L’Art Minimal

[02/01/2006]

 

Fortement soutenu par le marché américain, les pièces historiques des années 60 atteignent des prix records.

Parce que « simplicité de la forme ne signifie pas nécessairement simplicité de l’expérience » (Robert Morris), l’art minimal épure le langage plastique pour n’en conserver que les formes abstraites et géométriques dans un registre coloré restreint (couleurs primaires, noir, gris, blanc en général). Pour Carl André, Dan Flavin, Donald Judd, Sol Lewitt ou Robert Morris, artistes les plus représentatifs du mouvement, il n’existe pas d’art minimal puisque leurs œuvres visent à un effet maximal, à une expérience de l’espace et du temps dans un langage universel parce que simplifié.Né au début des années 60 à New-York et Los Angeles, soit plus de quarante ans après le « suprématique » carré blanc sur fond blanc de Kasimir Malévitch, ils utilisent principalement des matériaux sériels, usinés tels que des poutres de bois brut, tubes de néon, plaques de métal, plexiglas, aluminium ou acier et proposent une vision radicalement innovante et un art extrêmement sensible.

Ce nouveau langage, qui visait à créer un espace perceptif, ne fut pas compris à ses balbutiements. Il est désormais incontournable.
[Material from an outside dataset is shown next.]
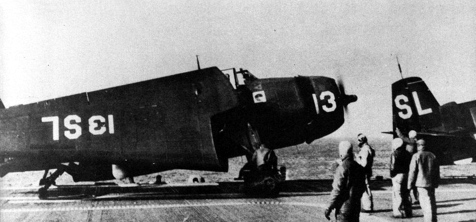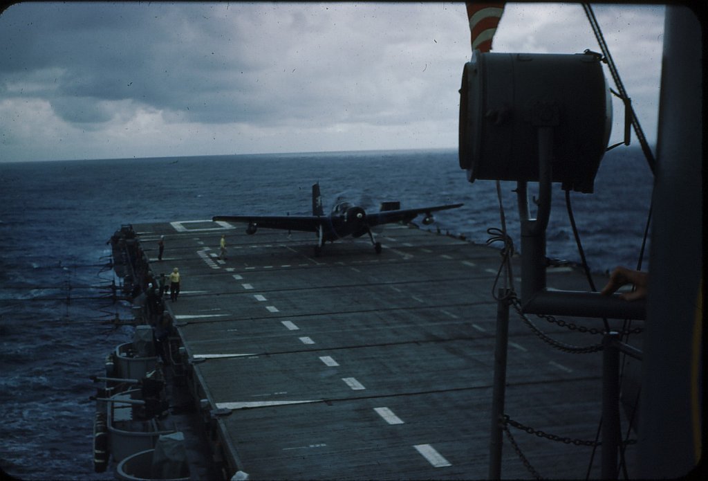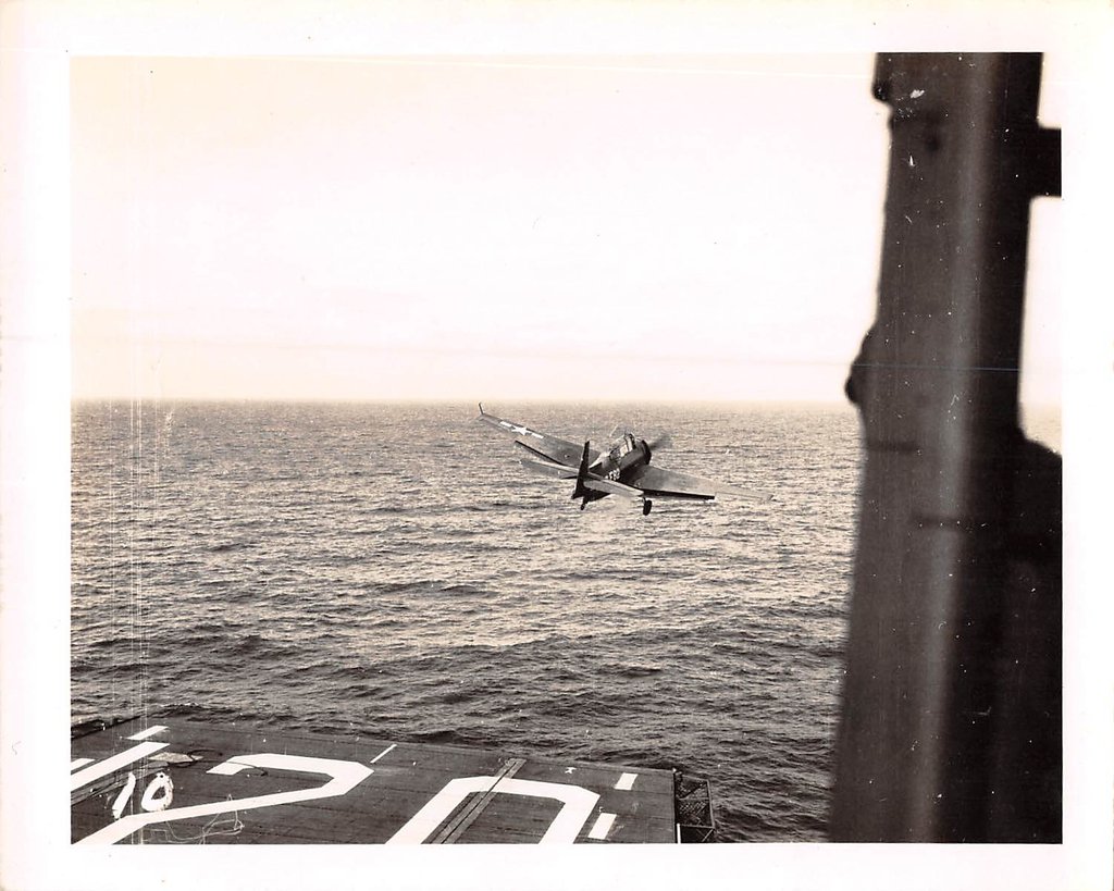 120k | Flight deck activity aboard USS Mindoro (CVE-120), circa 1946. Avenger, side number F82, launching. A damaged Corsair, side number B117. From the collection of Gerard Nicolais, Charlie's father-in-law. |

Les américains soutiennent massivement leurs artistes avec presque 90% des œuvres minimales dispersées sur leur territoire et un faible taux d’œuvres ravalées (environ 15%). Les œuvres historiques des années 60 font de très bons résultats, d’autant qu’elles sont peu nombreuses sur le marché.
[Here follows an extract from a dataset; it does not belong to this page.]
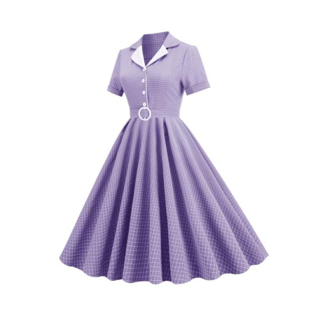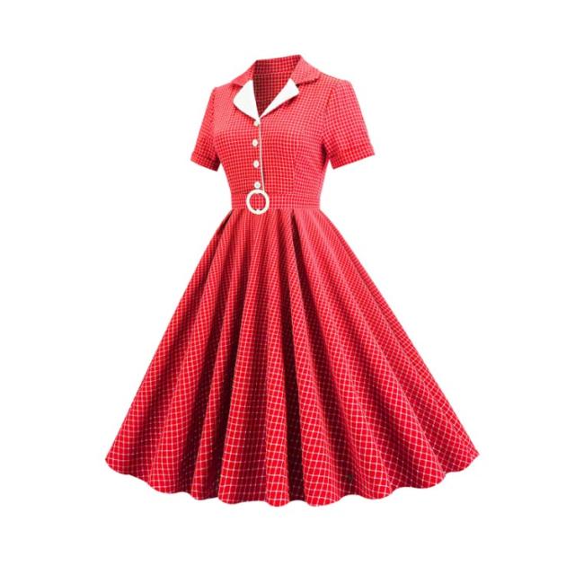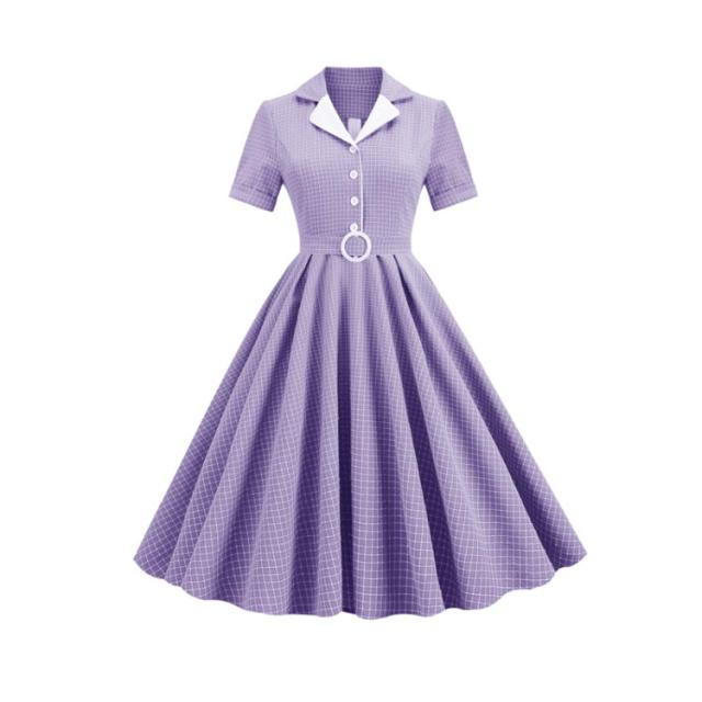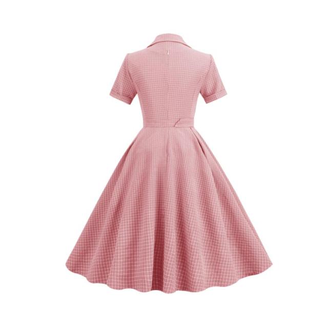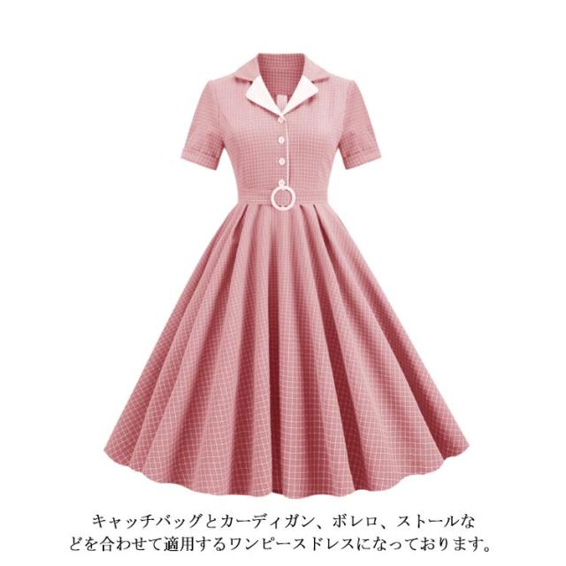 送料無料 ワンピース ドレス S-2XL Vネック 襟あり リボン付き 袖あり レトロワンピース かわいい Aライン フレアワンピース 50年代 お呼ばれ レディース クリスマス コスプレ 誕生日 プレゼント

Cinq artistes affichent des records supérieurs à 2 000 000 USD avec, en tête, Donald JUDD et Frank STELLA qui culminent à plus de 4 000 000 USD. C’est Donald Judd, l’un des théoriciens du mouvement, qui détient la plus forte enchère pour une œuvre unique de 1966, composée de six unités en plexiglas jaune, partie chez Christie’s New York pour 4 200 000 USD (4 609 080 euros) en mai 2002.En 1960, Frank Stella provoque un scandale lors de l’exposition de ses Black paintings au MOMA de New-York. Ses même peintures sont les plus recherchées et les mieux cotées actuellement. Ainsi, en novembre 1989 chez Sotheby’s New-York, Temlinson court partait pour 4 600 000 USD (4 438 379 euros), un prix exceptionnel pour une œuvre charnière puisqu’elle fût réalisée en 1959, année ou Stella commença à scander la surface noire de ses peintures de filets de toile brute. Plus récemment, une œuvre majeure de la même année, Bethlehem’s hopital, est partie sous son estimation basse (5 000 000 USD) à 3 900 000 USD (3 395 730 euros, mai 2003, Christie’s New-York).
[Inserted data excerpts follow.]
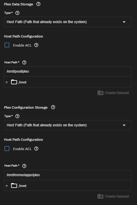 /mnt/pool/plex is on my slower HDDs and is where I have my media stored. /mnt/nvme/apps/plex is where I store my configuration and DBs on my faster NVMe mirror.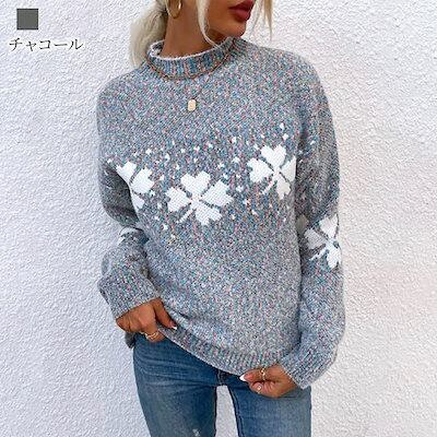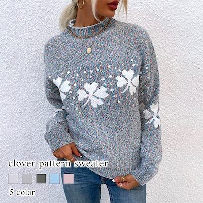 セーター レディース クローバー柄セーター タートルネック ゆる ざっくり かわいい 厚手 ケーブル編み トレーナー 人気 白 黒 ブランド 柄 ハイネック ニットセーター 春 クルーネック おしゃれ | OPEN-korea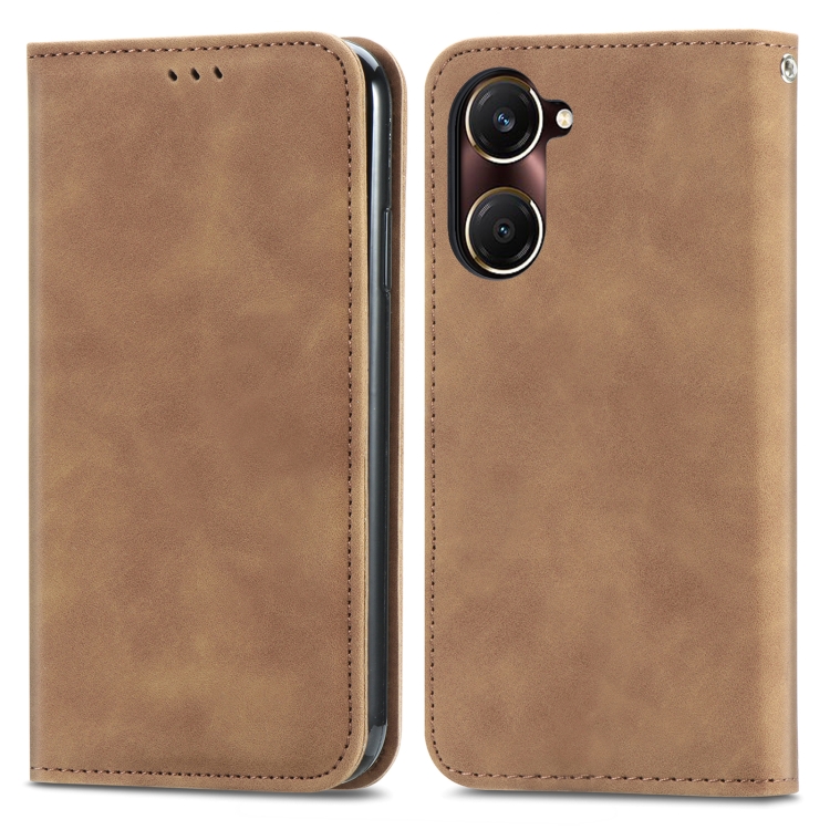 Funda de Cuero con Tapa Magnética y Tacto Retro para Vivo Y37 (Marrón)

Barnett NEWMAN, Ellsworth KELLY et Ad REINHARDT font également de bons résultats. Peu d’œuvres majeures de Newman se trouvent en circulation, si bien qu’on a vu, en juin 2004, une huile sur papier de petit format (17,2×12,5 cm) exploser son estimation haute (7 000 USD) pour s’envoler à 24 000 USD (19 925 euros). Le travail fondamental de Robert Ryman sur le quadrilatère et le blanc pour unique teinte, semble actuellement boudé. L’artiste affiche une chute constante de sa côte depuis 2002. Précisons qu’on n’a plus vu d’œuvres majeures émergées sur le marché depuis le 15 mai 2002 avec Uncle Up, une œuvre très bien datée (1963), et de belles dimensions (189,2×189,2 cm) adjugée 1 800 000 USD (1 994 580 euros), un prix record pour l’artiste.La côte d’Ellsworth Kelly est par contre en progression constante depuis trois ans. Les oeuvres d’Agnes Martin sont également en forte hausse depuis la mort de l’artiste en 2004 et après un fléchissement conséquent sur l’année 2003.